----- Material to process
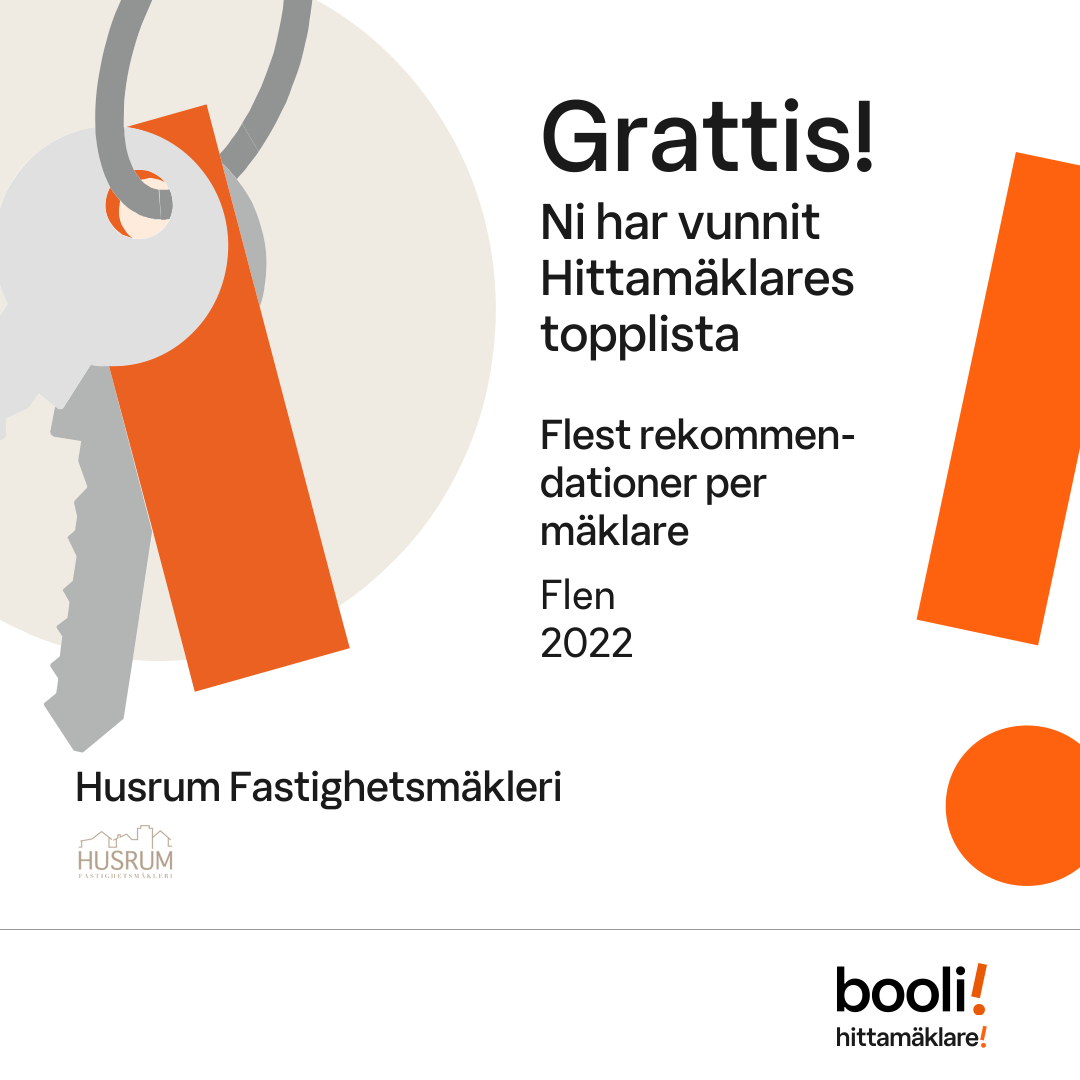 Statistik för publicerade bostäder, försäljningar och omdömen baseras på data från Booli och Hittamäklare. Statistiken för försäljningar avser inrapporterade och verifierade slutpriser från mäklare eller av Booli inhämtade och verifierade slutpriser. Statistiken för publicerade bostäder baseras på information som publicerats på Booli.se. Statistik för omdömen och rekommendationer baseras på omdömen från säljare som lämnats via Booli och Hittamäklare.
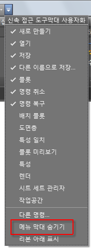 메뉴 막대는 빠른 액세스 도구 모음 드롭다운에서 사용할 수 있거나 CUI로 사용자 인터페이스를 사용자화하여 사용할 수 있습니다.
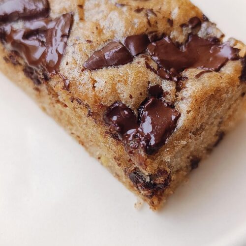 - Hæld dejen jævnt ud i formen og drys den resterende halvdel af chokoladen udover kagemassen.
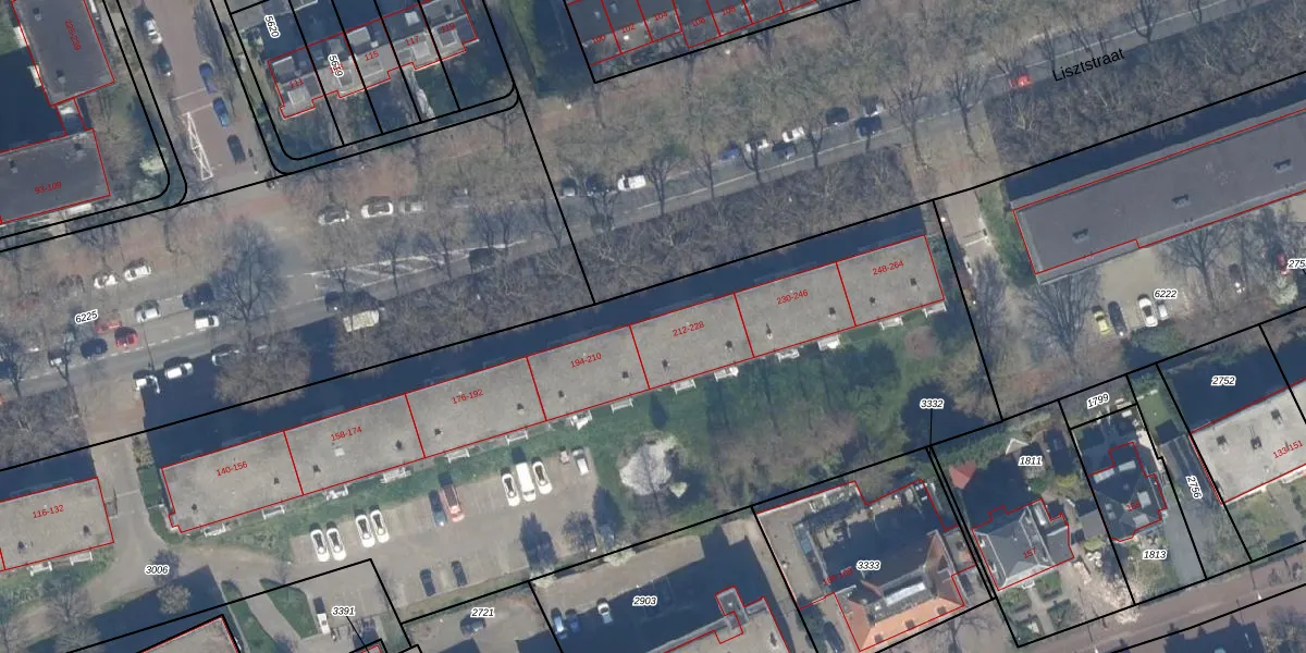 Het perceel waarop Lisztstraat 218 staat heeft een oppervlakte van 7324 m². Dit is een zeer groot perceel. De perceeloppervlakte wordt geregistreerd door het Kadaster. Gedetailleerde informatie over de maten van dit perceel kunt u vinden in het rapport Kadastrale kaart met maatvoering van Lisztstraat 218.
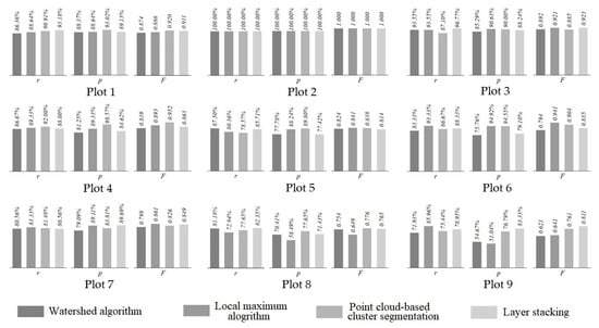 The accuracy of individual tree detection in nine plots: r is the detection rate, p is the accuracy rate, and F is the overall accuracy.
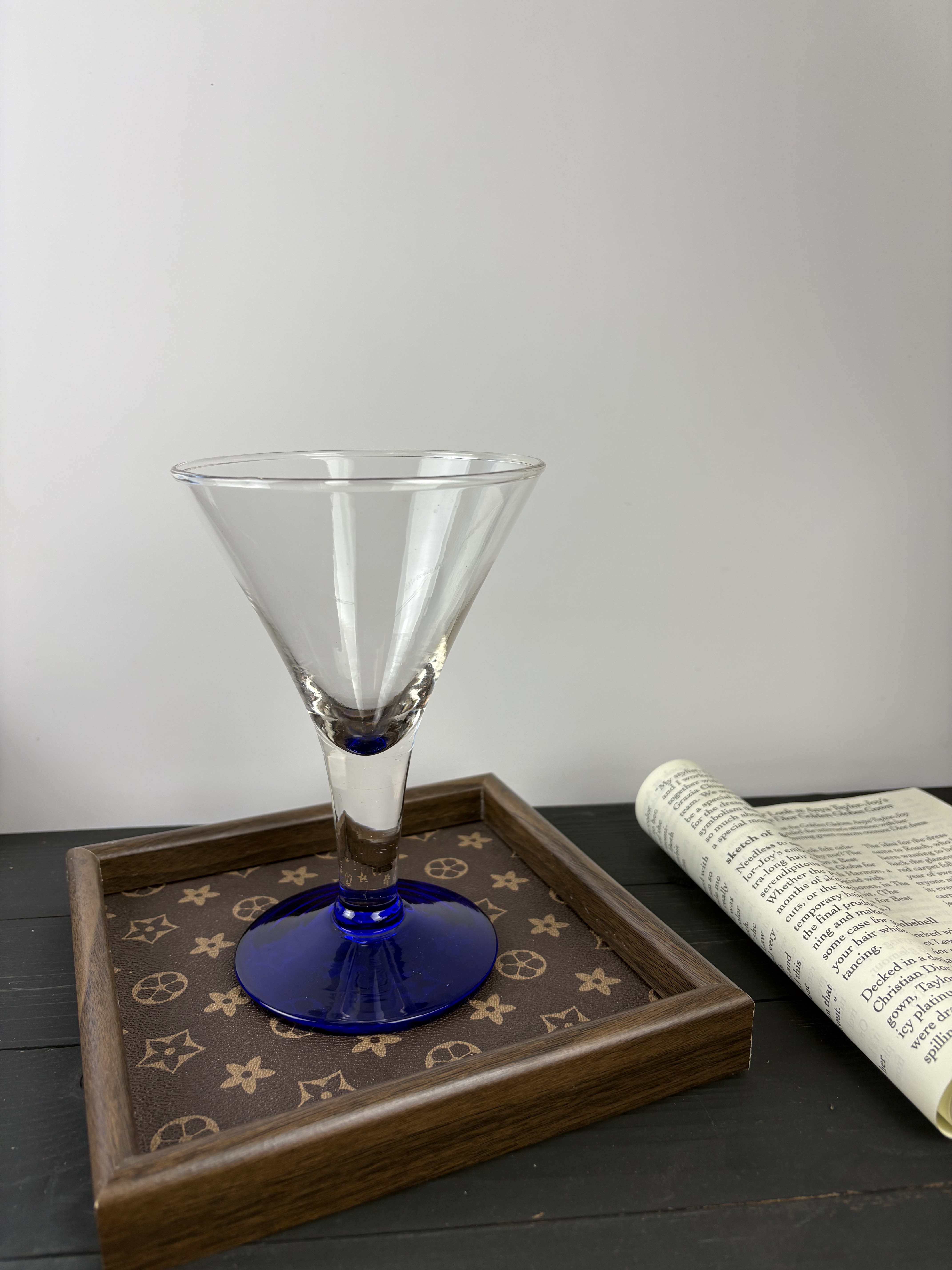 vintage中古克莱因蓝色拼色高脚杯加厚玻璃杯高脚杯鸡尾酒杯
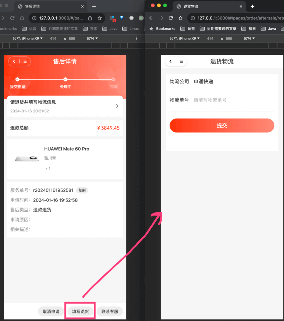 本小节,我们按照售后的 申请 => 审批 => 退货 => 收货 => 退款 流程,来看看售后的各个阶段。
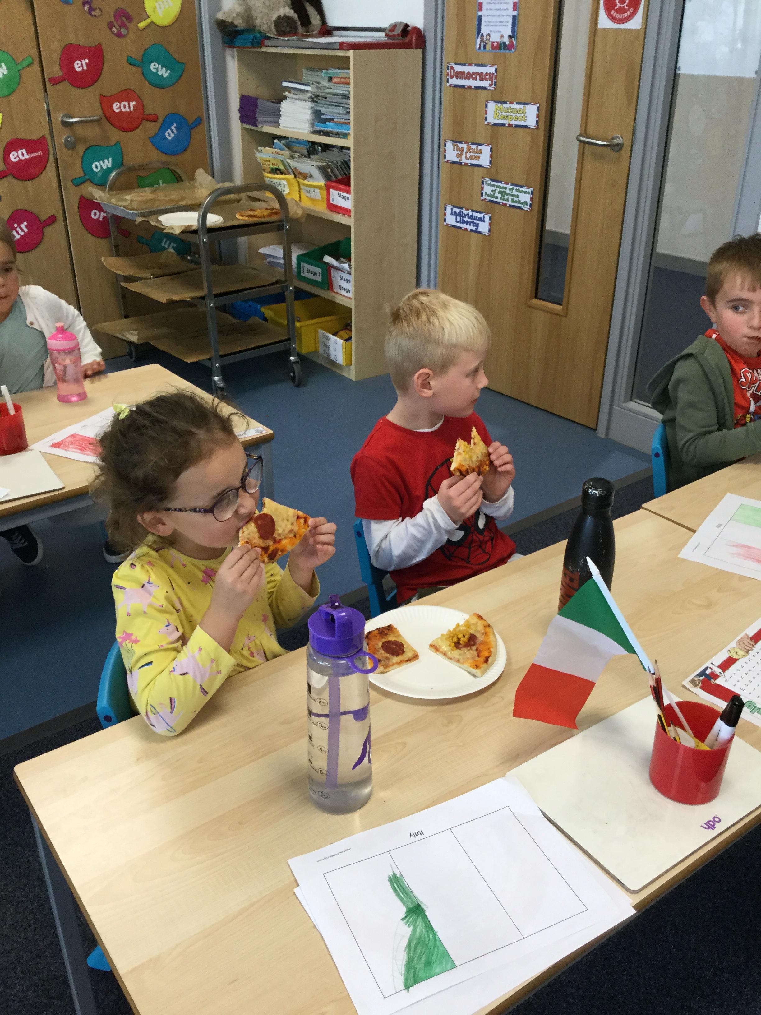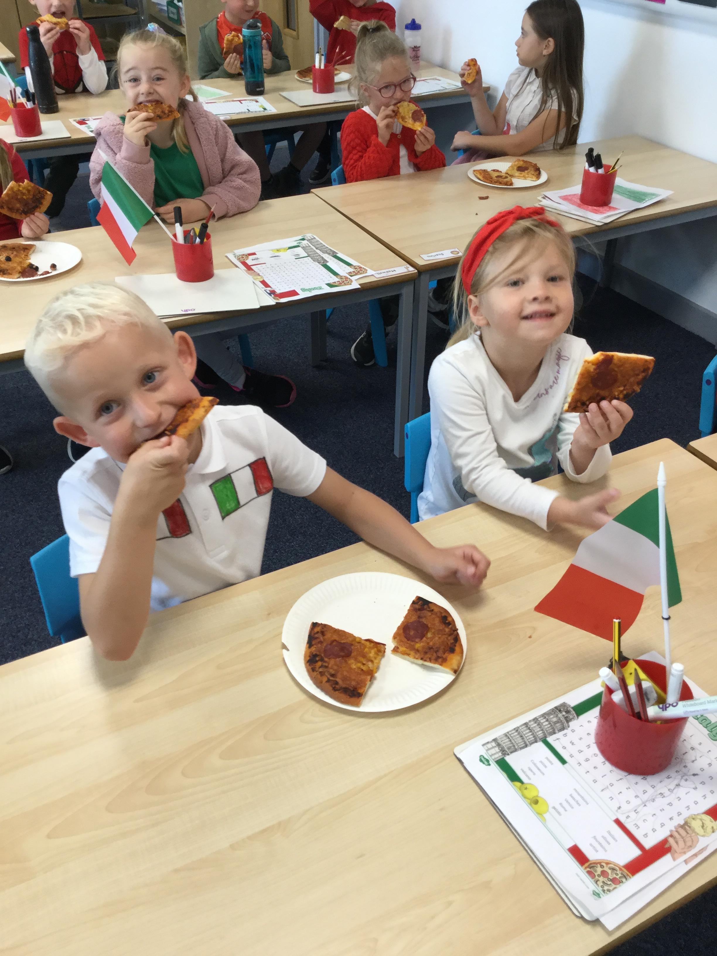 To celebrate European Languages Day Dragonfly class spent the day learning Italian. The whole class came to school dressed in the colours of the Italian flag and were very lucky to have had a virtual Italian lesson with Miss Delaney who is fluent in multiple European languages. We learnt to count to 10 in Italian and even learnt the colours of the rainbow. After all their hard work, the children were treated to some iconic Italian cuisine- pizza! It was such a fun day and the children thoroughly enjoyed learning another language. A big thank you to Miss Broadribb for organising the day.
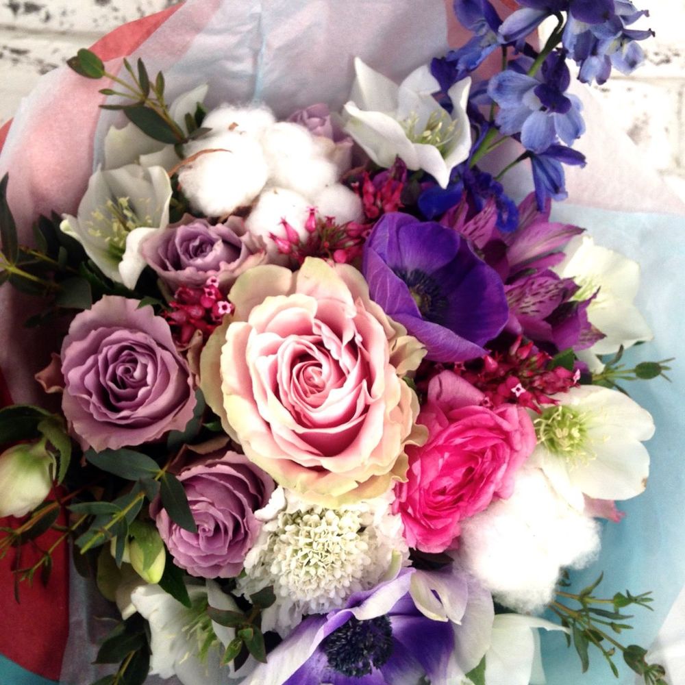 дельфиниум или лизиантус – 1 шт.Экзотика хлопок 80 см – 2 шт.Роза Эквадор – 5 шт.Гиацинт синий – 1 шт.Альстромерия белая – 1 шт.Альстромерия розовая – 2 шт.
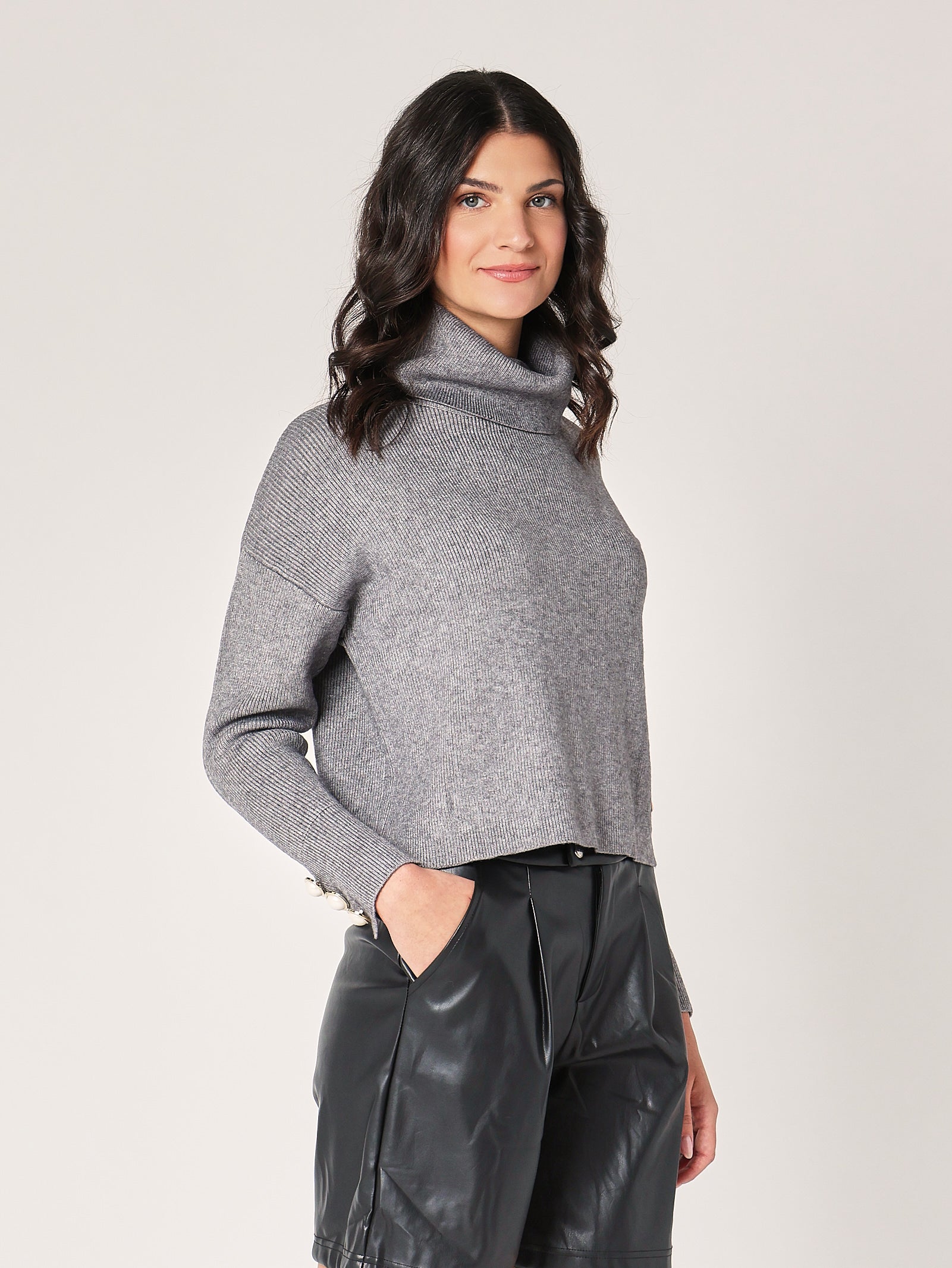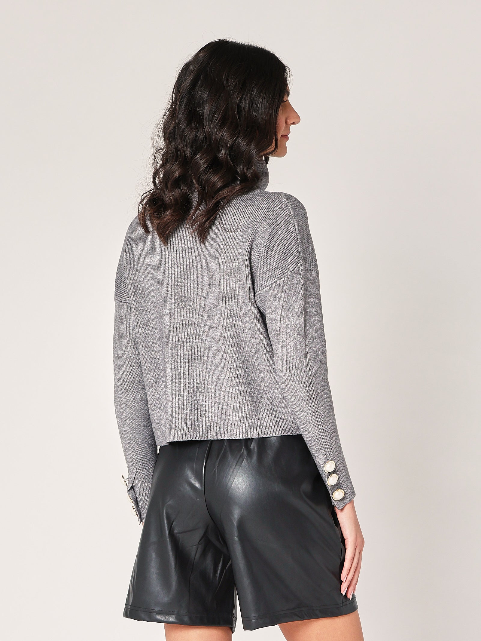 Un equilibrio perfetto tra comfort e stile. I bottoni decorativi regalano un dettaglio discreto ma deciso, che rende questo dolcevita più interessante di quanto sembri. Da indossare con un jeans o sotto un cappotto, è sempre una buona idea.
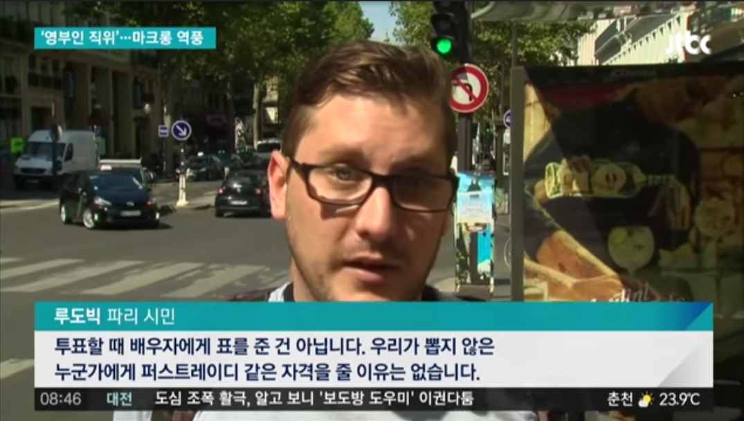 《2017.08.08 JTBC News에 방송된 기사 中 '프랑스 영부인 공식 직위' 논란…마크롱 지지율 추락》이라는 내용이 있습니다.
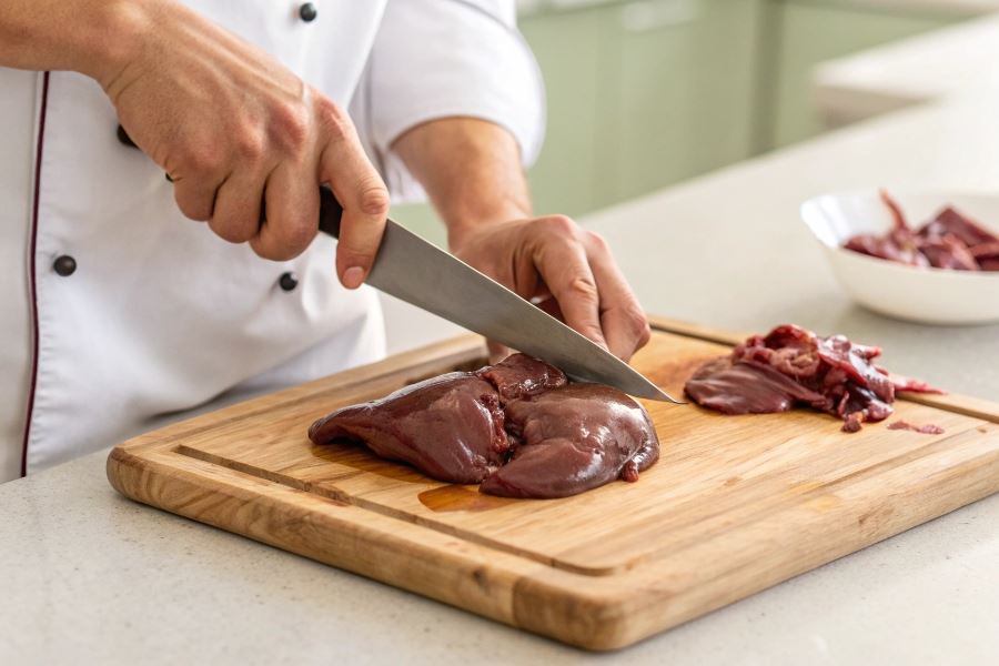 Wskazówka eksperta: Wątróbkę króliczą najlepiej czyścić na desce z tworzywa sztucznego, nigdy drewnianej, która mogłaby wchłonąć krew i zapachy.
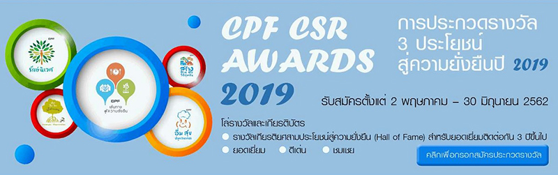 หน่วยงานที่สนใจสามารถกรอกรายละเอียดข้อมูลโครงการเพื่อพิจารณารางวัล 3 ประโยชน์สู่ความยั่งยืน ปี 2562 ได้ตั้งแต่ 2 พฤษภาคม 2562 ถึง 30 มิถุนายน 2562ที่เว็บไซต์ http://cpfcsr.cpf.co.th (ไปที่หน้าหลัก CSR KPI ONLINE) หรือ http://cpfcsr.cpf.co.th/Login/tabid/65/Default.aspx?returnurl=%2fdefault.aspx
----------
Exercise:
Working from the line with "추락》이라는 내용이 있습니다." to the last line of the material above, repeat each line exactly and leave out the pictures.

Solution to this problem:
 《2017.08.08 JTBC News에 방송된 기사 中 '프랑스 영부인 공식 직위' 논란…마크롱 지지율 추락》이라는 내용이 있습니다.
 Wskazówka eksperta: Wątróbkę króliczą najlepiej czyścić na desce z tworzywa sztucznego, nigdy drewnianej, która mogłaby wchłonąć krew i zapachy.
 หน่วยงานที่สนใจสามารถกรอกรายละเอียดข้อมูลโครงการเพื่อพิจารณารางวัล 3 ประโยชน์สู่ความยั่งยืน ปี 2562 ได้ตั้งแต่ 2 พฤษภาคม 2562 ถึง 30 มิถุนายน 2562ที่เว็บไซต์ http://cpfcsr.cpf.co.th (ไปที่หน้าหลัก CSR KPI ONLINE) หรือ http://cpfcsr.cpf.co.th/Login/tabid/65/Default.aspx?returnurl=%2fdefault.aspx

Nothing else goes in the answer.